No one likes to be used or taken advantage of. That's true for pastors, too, but still, a pastor would much rather be taken advantage of than patronized.
Going to church is not a matter of doing the pastor a favor; at least it shouldn't be. Better to go for that reason than not at all, but that is hardly the point. I suppose it would be worse to presume that one is doing God a favor, but the pastor is speaking and acting in God's Name, so it really amounts to the same thing.
No one goes to a movie or out to eat as a favor to the manager of the establishment. No one goes to a mechanic or a doctor to do the professional a favor. We all make use of worldly goods and services, and we're even willing to pay for them, or barter for them, or whatever, because we desire to be cared for and served, or perhaps entertained, or to benefit in some way. How much more ought we to hunger for the Word and works of God, which He gives to us generously and without cost by His beloved Son.

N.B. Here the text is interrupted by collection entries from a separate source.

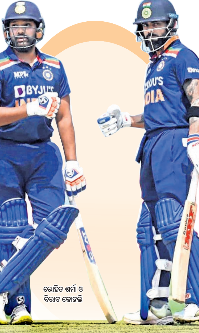
ରୋହିତ ଶର୍ମା ଓ ବିରାଟ କୋହଲି

ମୋହାଲିଠାରେ ପ୍ରଥମ, ସେପ୍ଟେମ୍ବର ୨୩ରେ ନାଗପୁରଠାରେ ଦ୍ୱିତୀୟ ଏବଂ ସେପ୍ଟେମ୍ବର ୨୫ରେ ହାଇଦ୍ରାବାଦଠାରେ ୩ୟ ଟି୨୦ ମ୍ୟାଚ୍ ଖେଳିବ। ଏହାପରେ ଦକ୍ଷିଣ ଆଫ୍ରିକା ବିପକ୍ଷରେ ସେପ୍ଟେମ୍ବର ୨୮ରେ ଥୁଲୁଆନକପୁରଠାରେ ପ୍ରଥମ ଟି୨୦ ଖେଳି ଅଭିଯାନ ଆରମ୍ଭ କରିବ। ଅକ୍ଟୋବର ୨ରେ ଗୁଆହାଟୀ ଏବଂ ୪ରେ ଇନ୍ଦୋରଠାରେ ଯଥାକ୍ରମେ ୨ୟ ଏବଂ ୩ୟ ଟି୨୦ ମ୍ୟାଚ୍ ଖେଳିବ। ଆଇସିସି ଟି୨୦ ବିଶ୍ୱକପ ଅକ୍ଟୋବର ୧୬ରୁ ଅଷ୍ଟ୍ରେଲିଆଠାରେ ଆରମ୍ଭ ହେବ। ଭାରତ ଏହାର ପ୍ରଥମ ମ୍ୟାଚ୍ ପାରମ୍ପରିକ ପ୍ରତିଦ୍ୱନ୍ଦ୍ୱୀ ପାକିସ୍ତାନ ବିପକ୍ଷରେ ଅକ୍ଟୋବର ୨୩ରେ ମେଲବୋର୍ନ କ୍ରିକେଟ ଗ୍ରାଉଣ୍ଡରେ ଖେଳିବ। ଟି୨୦ ବିଶ୍ୱକପକୁ ଦୃଷ୍ଟିରେ ରଖି ଉଭୟ ଅଷ୍ଟ୍ରେଲିଆ ଓ ଦକ୍ଷିଣ ଆଫ୍ରିକା ଆଗାମୀ ୨ ସିରିଜ୍କୁ ଗୁରୁତ୍ୱ ସହ ନେବା ସ୍ୱାଭାବିକ। ଅଷ୍ଟ୍ରେଲିଆ ଏବଂ ଭାରତ ମଧ୍ୟରେ ଏପର୍ଯ୍ୟନ୍ତ ୨୩ଟି ଟି୨୦ ମ୍ୟାଚ୍ ଅନୁଷ୍ଠିତ ହୋଇଛି। ଏଥିରୁ ଭାରତ ୧୩ଟି ମ୍ୟାଚ୍ରେ ବିଜୟୀ ହୋଇଥିବା ବେଳେ ଅଷ୍ଟ୍ରେଲିଆ ୯ଟି ଲିଟିଛି ଏବଂ ଗୋଟିଏ ମ୍ୟାଚ୍ରେ ଫଳାଫଳ ମିଳିନାହିଁ। ଟିମ୍ ଇଣ୍ଡିଆ ୪ଟି ମ୍ୟାଚ୍ ଘରୋଇ ସିରିଜ୍ରେ ବିଜୟୀ ହୋଇଥିବା ବେଳେ ୭ଟି ମ୍ୟାଚ୍ ବିଦେଶ ମାଟିରେ ଲିଟିଛି। ଅନ୍ୟ ୨ଟି ମ୍ୟାଚ୍ ନିରପେକ୍ଷ ଭେତ୍ସରେ ବିଜୟୀ ହୋଇଛି। ସେହିପରି ଦକ୍ଷିଣ ଆଫ୍ରିକା ଓ ଭାରତ ମଧ୍ୟରେ ମୋଟ ୨୦ଟି ଟି୨୦ ମ୍ୟାଚ୍ ଅନୁଷ୍ଠିତ ହୋଇଛି। ଏଥିରୁ ଟିମ୍ ଇଣ୍ଡିଆ ୧୧ଟି ମ୍ୟାଚ୍ ଲିଟିଥିବା ବେଳେ ଦକ୍ଷିଣ ଆଫ୍ରିକା ୮ଟିରେ ବିଜୟୀ ହୋଇଛି ଏବଂ ଗୋଟିଏ ମ୍ୟାଚ୍ରେ ଫଳାଫଳ ମିଳି ନାହିଁ।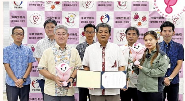
▲(株)那覇電工様を囲んで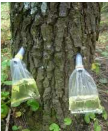
Gambar 1. Getah dalam kantong yang tidak bercampur kotoran

Hasil analisis varians menunjukkan perbedaan yang sangat signifikan ( p=0,001 ) di antara kelas umur pinus ras lahan Jawa terhadap produksi getah (Lampiran 1). Hasil uji lanjut orthogonal polynomial menunjukkan respons bersifat kuadratik ( p=0,09 ) antara produksi getah dengan kelas umur. Respons yang bersifat kuadratik ini ditunjukkan oleh peningkatan produksi getah dari kelas umur III (36,5 g) meningkat pada kelas umur IV (62,9 g). Produksi getah pada kelas umur V sebesar 24,61 g cenderung menurun dan produksi getah pada kelas umur VI sebesar 38,3 g. Kecenderungan peningkatan dan penurunan produksi getah disajikan pada Gambar 2.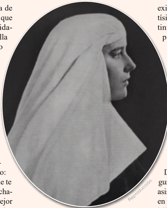
Apasionada en todo lo que hacía, decidió entregarse por completo, sin reservarse nada para el mundo

Desde sus primeros días en la vida consagrada, sor María Teresa mostró un único temor: el de ser una religiosa mediocre. Después de haberlo abandonado todo, quería ser una auténtica carmelita de la caridad y, para ello, empleó todas sus fuerzas y oraciones. ¡Y no piense el lector que el combate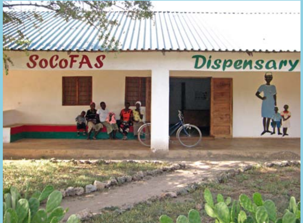
Het dispensarium in het Keniaanse dorp Maweni, waarvoor SoCoFAS ijvert en het koor Wak Maar Proper gratis zingt op 14 mei.

Annie Buysse: "We hebben daar een klein dispensarium opgericht dat nu permanent bemand is door een verpleger-vroedman, op dinsdag bijgestaan door een dokter-chirurg. Doel is de lagere schoolkinderen van Maweni gratis medische faciliteiten te bieden. Het aantal kinderen is in twee jaar tijd gestegen van 350 naar 500. Dus proberen we de sponsoring aan te zwengelen om ook die 150 bijkomende kinderen een volledig gratis pakket te kunnen bieden." Ook andere scholen in de buurt zijn geïnteresseerd, nog eens 1.000 kinderen extra. Het is evenwel niet gemakkelijk om ouders ertoe te bewegen een bijdrage te leveren voor hulp die ze misschien niet nodig zullen hebben!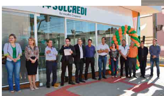
Vice-presidente falou sobre a história da cooperativa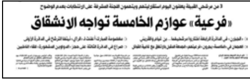
جريدة الراي – 2009/4/4م

وقد أشدنا في التقريرين الثاني والثالث بوزير الداخلية والوزارة الذين أكدوا في أكثر من مناسبة عزمهم تطبيق القانون بحزم في منع الانتخابات الفرعية، فهل قامت الوزارة بدورها في تطبيق القانون مع حالات الانتخابات الفرعية؟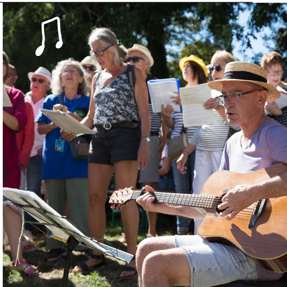
↑ La Ballade avec Brassens fête ses vingt ans, début septembre à Rennes. La promesse de beaux partages, comme ici en 2022 sur la promenade Georges-Brassens.

Tous les deux ans, les mordus de Georges Brassens affluent à Rennes pour écouter et jouer l'héritage du poète moustachu. Vingt ans que cela dure ! Populaire, la Ballade avec Brassens se joue des âges et des genres musicaux.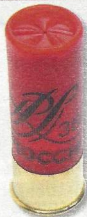
Fiocchi PL 36 HP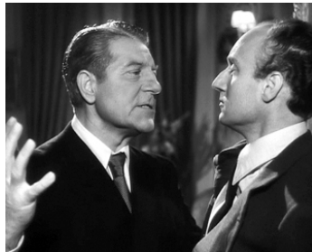
1951 VICTOR de Claude Heymann avec Jean Gabin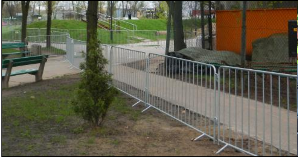
Przykładowe wygrozdzenie dojścia z szatni do płyty boiska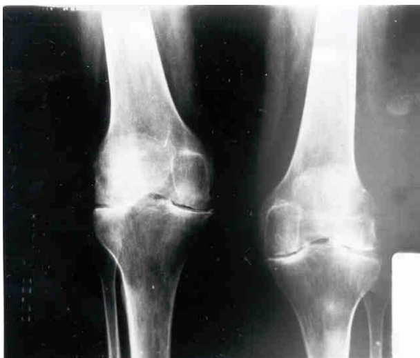
Rayos X simple de rodillas (vista AP). Se observa un marcado estrechamiento del espacio articular bicompartimental por cambios degenerativos avanzados. Esta fase radiológica constituye una contraindicación relativa para el abordaje terapéutico por artroscopía.

cisamente fue la interrogante que se planteó y analizó Checa González en uno de sus trabajos (30). Concordamos con sus interesantes criterios pues más allá de tratarse de un elemento clínico, debe evaluarse como un fenómeno anatómo-patológico descriptivo de un daño articular del cartílago en el cual la fibrilación el reblandecimiento y fisuración del cartílago difícil de separar del proceso degenerativo en sí mismo y conducente a la exposición del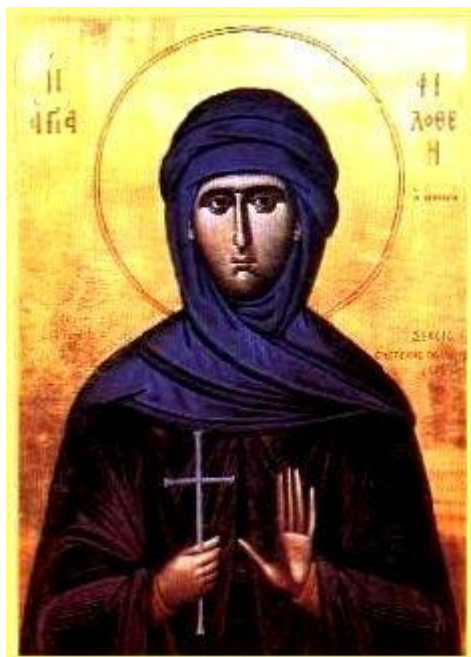
Αγία Φιλοθέη η Αθηναία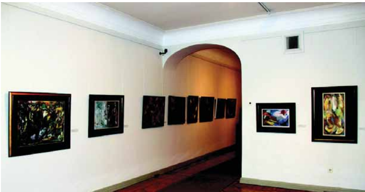
2011 m. Vilniaus paveikslo galerijoje veikusios Juozo Bagdono 100-meëiui skirtos parodos fragmentas.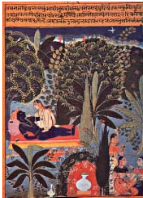
Кришна и Радха в роще.

торых наиболее популярной считается аватара любвеобильного пастуха Кришны. Прodelки Кришны, в частности его забавы с влюбленными в него пастушками, запечатлены в ставшей сакральной «Бхагават-пуране» и послужили источником вдохновения для множества авторских произведений. Джаядева, поэт из Бенгалии, воспевавший в XII в. неумную потенцию Кришны, из огромного сонма (16 000!) пастушек выделил Радху, ставшую с того времени самой любимой подругой бога. Повествование об их взаимоотношениях — с ревностью и ссорами, разлуками и последующими соединениями — может прочитываться двояко: как эротический гимн и как аллегория союза между человеческой душой и божественной.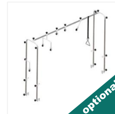
Sistem tracțiune ortopedi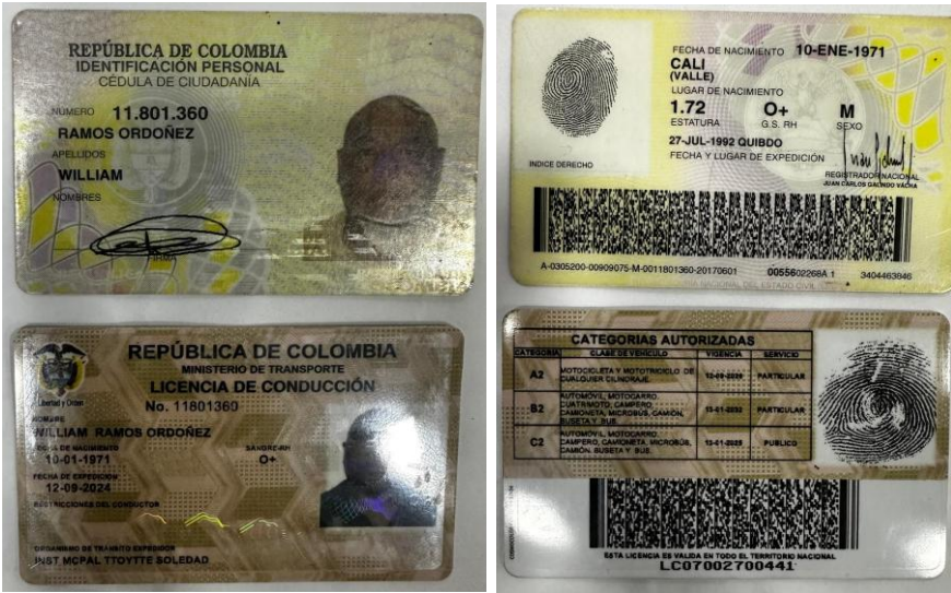
Imagen No 3. Tomada del informe la visita administrativa Memorando No.20241000157173 del 19 de noviembre de 2024.

Sin embargo, al cotejar la información con el informe de auditoría del Organismo Evaluador de la Conformidad (OEC), el instructor mencionado, no hacia parte de los instructores que se relacionan en el informe presentado y que se encuentran autorizados, como se evidencia a continuación: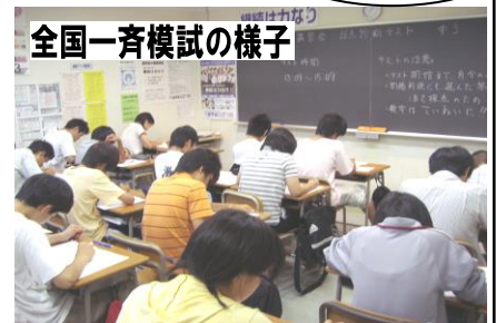
全国一斉模試の様子

試験範囲は今までに学習した全範囲が出るので、定期試験だけではわからない『真の学力』がわかります。さらに、テスト終了後はできなかった問題の解き直しをしてもらいます。増進会は、「弱点」に焦点を当て、徹底的に反復させるシステムを持っています。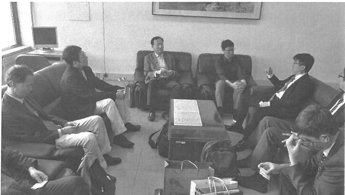
圖二: 北科大學術參訪團與 KAIST 工業與系統工程教授們會晤

As I said last night, it is one of the saddest ironies that man should make God's Sabbath into a burdensome and onerous task. The Lord desires to give His people joyful peace and blessed rest, but sinful man views this gift as a wearisome obligation. How quickly we count and calculate our effort and our sacrifice, while we forget our Lord's benefits.
Perhaps the pastor is personally boring or tedious. Nevertheless, the Word he preaches is the Lord's, and the works he administers are Christ's. These gracious gifts of God are not burdens upon His people, but the very fountain and source of life and salvation. Is this a chore?
To be patronized, as though people were doing the pastor a favor by coming to church, is one of the most discouraging responses to the Ministry of the Gospel. Not because it hurts the pastor's feelings (which would be missing the point in exactly the same way!), but because it reduces the Gospel to a legalistic work of man. Far better to be used and taken advantage of, that the goods and services of Christ and His Gospel might be received as the rich and pleasant benefits they are.